United Methodist Church and Resistance to Political Oppression

David Scott recently wrote a blog post asking how the decline of democracy and growing authoritarianism will affect the United Methodist Church. Robert Hunt responded in a comment that while it is a good question, it is “an equally good question whether Methodists have any influence in opposing authoritarian regimes and promoting democracy.”

Dr. Hunt suggested that “most Methodist leaders and their followers are either detached from politics or are actually comfortable with authoritarian leaders – as long as they do not directly affect Methodist life.” I am sad to say that I agree with the assumption of Dr. The junta that church leaders today are probably fine with trends toward authoritarian governments as long as they continue to benefit or refrain from major interference in religious practices or services.

There were, however, moments in the history of the United Methodist Church when the opposite was true – when the Methodists worked to oppose political domination and in the name of freedom. The era of decolonization was just such an era.

Liberation movements in the late colonial period were supported and even led by church leaders in their struggle to define and achieve self-determining rule as their postcolonial reality. There was no great trust in democracy as an antidote to colonialism, given the history of cooperation between democracies and colonial authorities. Instead, independence movements sought inspired leaders in indigenous sources and found some in mission-founding churches, such as the UMC, that had successful educational programs to create them.

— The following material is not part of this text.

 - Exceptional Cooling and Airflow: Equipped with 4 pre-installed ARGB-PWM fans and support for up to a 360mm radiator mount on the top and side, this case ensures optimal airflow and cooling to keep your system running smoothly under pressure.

In Mozambique, Methodist-educated Eduardo Chivambo Mondlane became the first black Mozambican of his generation to enroll at the University of Lisbon, where he collaborated with other African students involved in the formation of national liberation movements. He was the founder and first president of the Mozambican Liberation Front (FRELIMO), a political and military movement that eventually succeeded in overthrowing the Portuguese dictator Salazar and establishing the first postcolonial government in Mozambique.

UMC has experienced opportunities to collaborate with the new government of Mozambique, which has benefited from their educational and social programs. Debt to Methodist Mondlane, who fell before the assassin, was often recognized in ceremonial occasions when United Methodist leaders in the country and government officials shared the same public platforms.

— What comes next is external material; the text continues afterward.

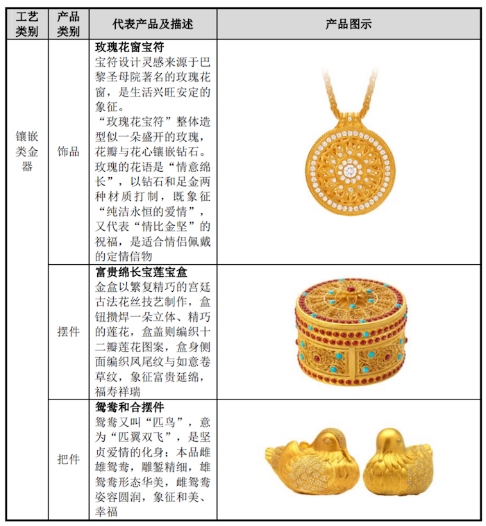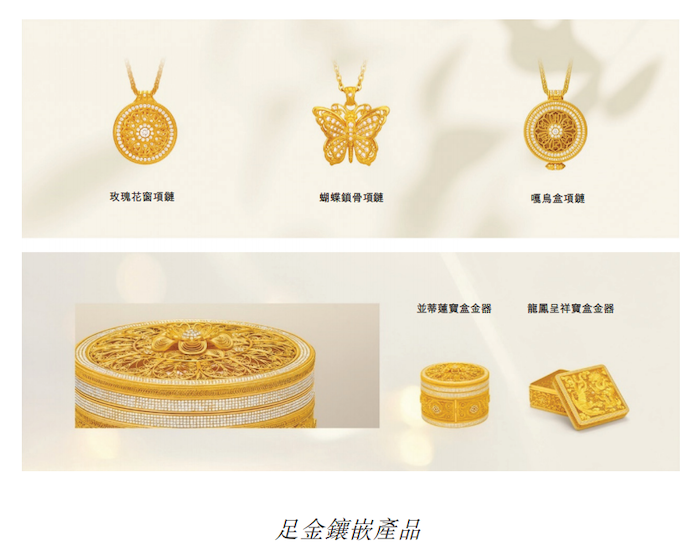 在本次递交的招股书中,足金镶嵌产品描述为足金镶嵌钻石或其他宝石,代表产品有玫瑰花窗项链、蝴蝶锁骨项链及并蒂莲宝盒金器等,且区别于高纯金制成的足金黄金产品,与“镶嵌类金器”描述无明显不同。足金黄金产品的描述则为“设计包括吊坠、手镯、戒指、耳钉等配饰,以及装饰品及器皿等克重较大的珠宝,如花丝平安扣、如意祥云纹手镯、独角貔貅实符等”。

In Angola, dr. Agoutino Neto, a doctor of medicine, son of a United Methodist pastor, and a former crusader scholar like Mondlane, became head of the People’s Movement for the Liberation of Angola. He had a deep vision of a self-determining alternative to Portuguese control and worked to plant it village by village, a process in which countless United Methodists gave leadership, sometimes resulting in death and imprisonment. Along with Net’s imprisonment was the imprisonment of the Rev. Emilio de Carvalho, the first indigenous bishop of the UMC in Angola. The MPLA has today become and remains the ruling party despite long-standing civic and rebel challenges that reflect the political interests of the Cold War in the region.

The governments of no country today rank high on the scale of democratic influence, although they are moving in that direction every decade. But it is their departure from controlling colonial rule through leadership derived from church leaders and members who have sacrificed their lives for a new future and hope for their people that is worth remembering as we look at current trends in governance patterns that may seem daunting. .

Will this history reappear in the critical contexts in which UMC is engaged? He would hope that activity within the denomination base in the United States will give some signs of awakening to nationalism. If the charisma of a church leader is needed, we should pray for a return like Bishop G. Bromley Oxnam who was a militant against political repression during the Red Scare period of the late 1940s and ’50s.

But the current trend toward authoritarianism has been embraced and successfully led by evangelical groups who are not ashamed to support self-serving political strategies instead of advocating for or protecting the goodwill of all who are governed. They have yet to be challenged by the major churches that carry the Oxnam heritage, but choose silence. Will United Methodists remain silent in the face of such a slide towards authoritarianism?

Reverend Robert J. Harman is the Executive Director of the Mission retired from the Main Board of Global Ministries. He is the author of the book “From Mission to Mission – History of the United Methodist Church from 1968-2000.” This post responds to David Scott’s recent post, “The United Methodist Church and Declining Democracy.”